# WORK TASK:
Only the lines below starting at the one that contains "Oberbürgermeister Sven Schulze" and ending at the one that contains "Mit dem Titel" are to be reproduced, exactly and with both ends kept.

# DATA RECORDS:
######

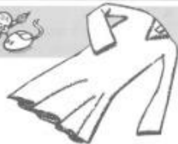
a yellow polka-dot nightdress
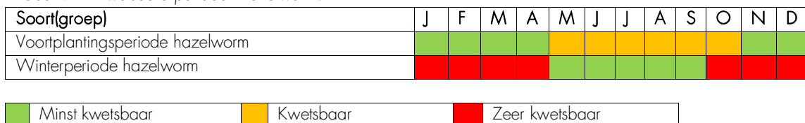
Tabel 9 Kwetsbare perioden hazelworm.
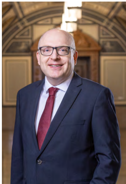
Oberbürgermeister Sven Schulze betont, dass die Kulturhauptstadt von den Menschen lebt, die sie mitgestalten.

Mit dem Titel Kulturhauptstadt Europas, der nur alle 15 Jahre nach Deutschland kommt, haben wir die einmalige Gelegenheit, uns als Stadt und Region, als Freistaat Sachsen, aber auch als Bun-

######

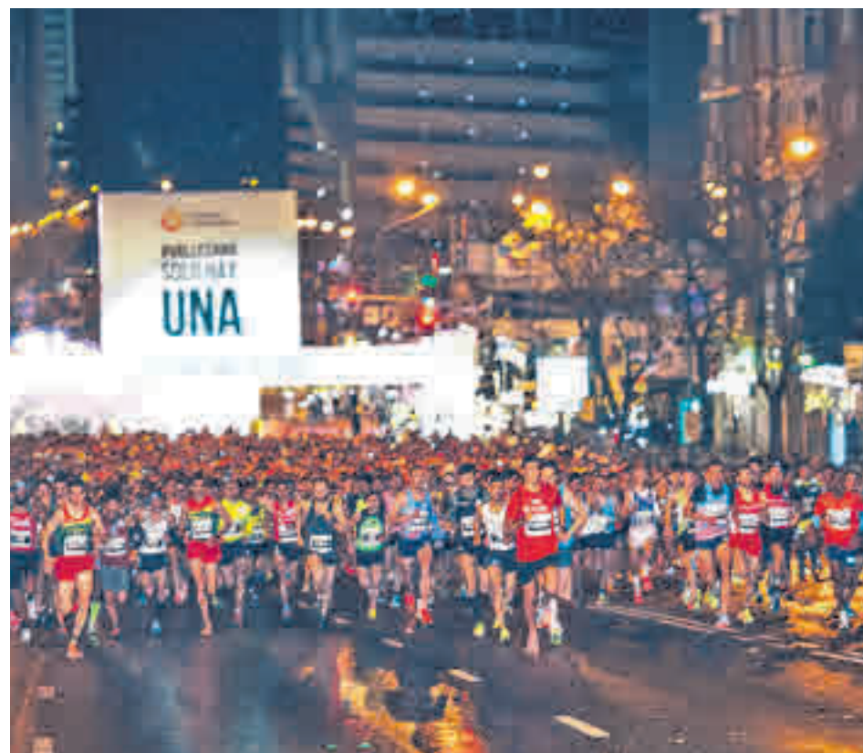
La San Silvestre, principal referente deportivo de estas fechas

######

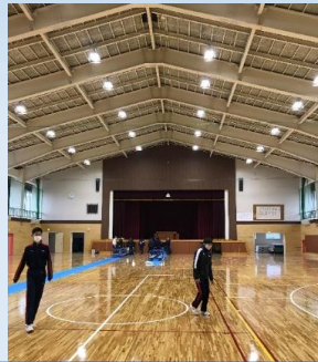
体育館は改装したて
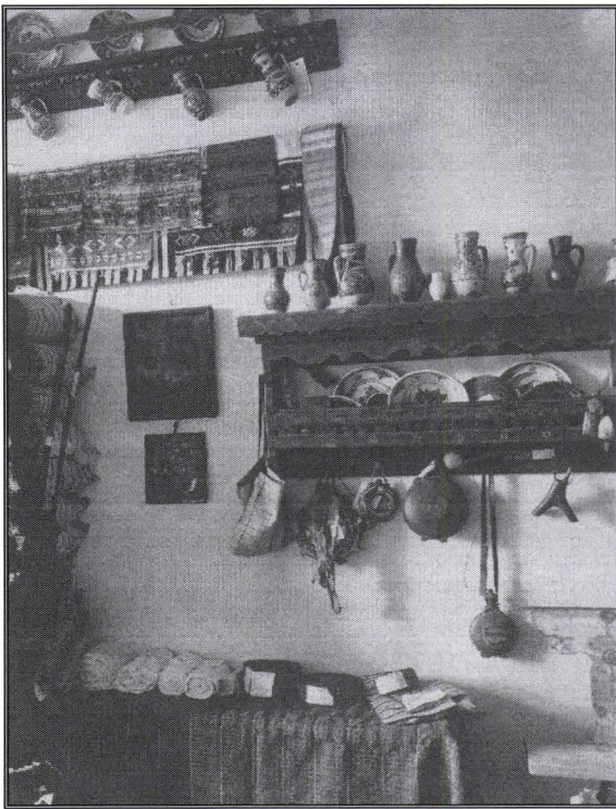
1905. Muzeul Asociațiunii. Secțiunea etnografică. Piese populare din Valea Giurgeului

######

# RESPONSE AREA:
Oberbürgermeister Sven Schulze betont, dass die Kulturhauptstadt von den Menschen lebt, die sie mitgestalten.

Mit dem Titel Kulturhauptstadt Europas, der nur alle 15 Jahre nach Deutschland kommt, haben wir die einmalige Gelegenheit, uns als Stadt und Region, als Freistaat Sachsen, aber auch als Bun-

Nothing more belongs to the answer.